Their presidential candidate may have won the popular vote. But voters did not ratify his party’s posture. Instead of gaining, his party lost seats in the House of Representatives, and the other party—the one that, despite its faults, vociferously rejected woke socialism—held statehouses and governorships across the country and may likely hold its U.S. Senate majority. The blue wave was a ripple against a red crosscurrent.

Moreover, the siren song of identity politics rang false to many. African-American and Hispanic voters gave the Democratic candidate a lower percentage than in any recent election. To be sure, 80% of Black men voted Democrat. But this was down from 95% support for Barack Obama in 2008, 87% for Obama in 2012, and 82% for Clinton in 2016. Forget the partisan dimension: it is healthy when citizens reject race-driven identity politics.

Election results held surprises even in California, supposedly the bastion of Big Government. Even while they voted two-to-one for the Democratic presidential candidate, California voters rejected measures he endorsed on the state ballot. They rejected expansion of rent control (Proposition 21), race-based affirmative action (Proposition 17), increased property taxes on businesses (Proposition 15), and the essence of California’s Assembly Bill 5 restricting independent contractors (by supporting Proposition 22).

The Independent Institute had something to do with this. We had already won key arguments in the court of public opinion. For example, our “Open Letter to Suspend AB-5,” signed by 153 Ph.D. scholars across California and widely promoted, successfully made the case against California’s war on the “gig economy”—thus enhancing momentum for Proposition 22.

Likewise, we argued against a state-mandated “ethnic studies” curriculum, which would have taught high-schoolers that “capitalism is racist” and accused Jews, Koreans, the Irish, Armenians and other minorities of “white privilege” for simply working hard and succeeding. Our arguments in the Los Angeles Times, Wall Street Journal, and many other outlets, influenced Gov. Gavin Newsom to veto the mandated curriculum.

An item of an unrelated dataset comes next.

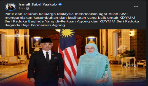 Menerusi hantaran di Facebooknya, Datuk Seri Ismail Sabri berkata, seluruh Keluarga Malaysia turut menitipkan doa yang sama buat Baginda berdua.

And, this victory against racialism carried over into voters’ rejection of Proposition 17.

In California, as elsewhere, Americans were not sold on woke, nor on socialism. Most Americans like America—including individual liberty and the rule of law. This is good news indeed and shows the power of good ideas over bad ones!

Graham H. Walker is President of the Independent Institute and Assistant Editor of The Independent Review: A Journal of Political Economy.